When People ‘Don’t Deserve’ Our Help

Tim Brys ن
The Jesus Life
Published in
2 min readFeb 11, 2018
Photo by Daniel Páscoa on Unsplash

Me and my wife have now been caring for refugees in various ways and places for over two years. From time to time, a friend or family member talks to us about this, saying that “this must really give you a lot of satisfaction!” Many people seem to rationalise what we do by reformulating it in terms that make more sense in our society: you do it because it makes you feel good. So somehow, helping people is something you actually do for yourself. In practice, this logic cannot be sustained for a very long time.

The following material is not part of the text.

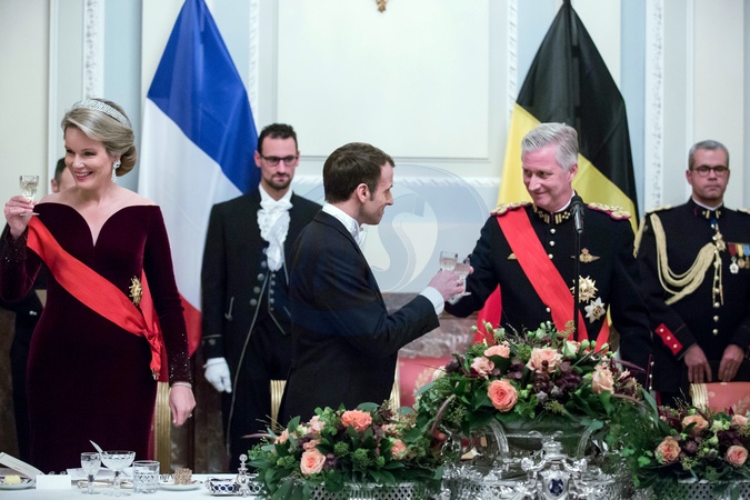 Macronowie na bankiecie u pary krolewskiej Belgii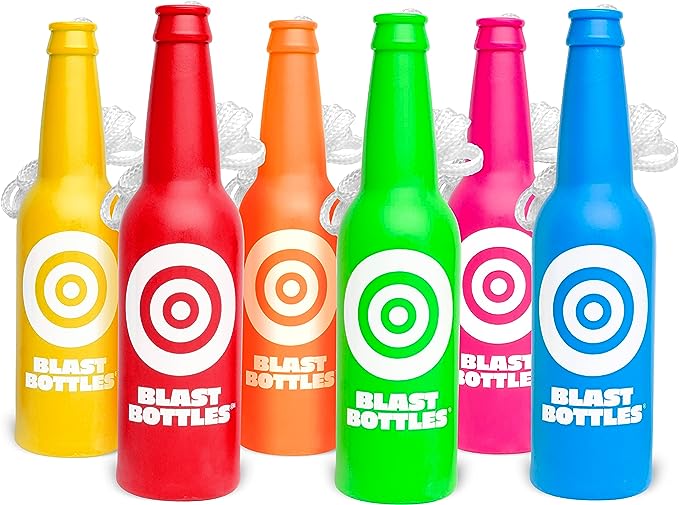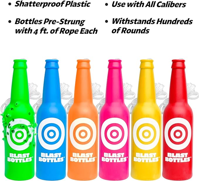 - BLAST BOTTLES: Includes 6 high visibility neon bottle targets made with ultra-durable shatterproof material that is reusable for countless shots – each bottle includes 4 ft. or rope

Many well-meaning persons start with such a naive view on ‘helping people’. And initially, all may be well and indeed bring a lot of satisfaction. But sooner or later, one is confronted with reality. For example, by somebody who is not at all grateful after being helped, and acts in a rude way. Or when it is discovered that one of the people helped stole something. Then the new helper is very dismayed and disillusioned. They might say: “If those people aren’t grateful, they don’t deserve our help. Let them help themselves, I quit.” With this naive view on helping, we have certain (unspoken) expectations of the people helped: that they should be grateful, that they should be polite, etc. When they don’t act according to our expectations, we easily feel like they don’t deserve our help.

With a more profound view on ‘helping’, one realises that we should help people irrespective of their ‘dignity’ in our own eyes; whether they are grateful or not, whether they cause their own problems or not. This view is based on the belief that all people are equally created in the image of God, and that therefore actually everybody totally deserves to be helped, regardless of our own not-so-humble opinion on this. Jesus definitely never attached any conditions to his command for us to love and help all people. “Love your enemies” actually means that even those who in our own eyes least deserve our love and help, actually are still worth it.

So when somebody does not behave as you think you deserve, or as you expect them to, you should realise that this person (1) still deserves all your love, and (2) that Jesus likes you so much, that it more than makes up for the love this person is withholding from you.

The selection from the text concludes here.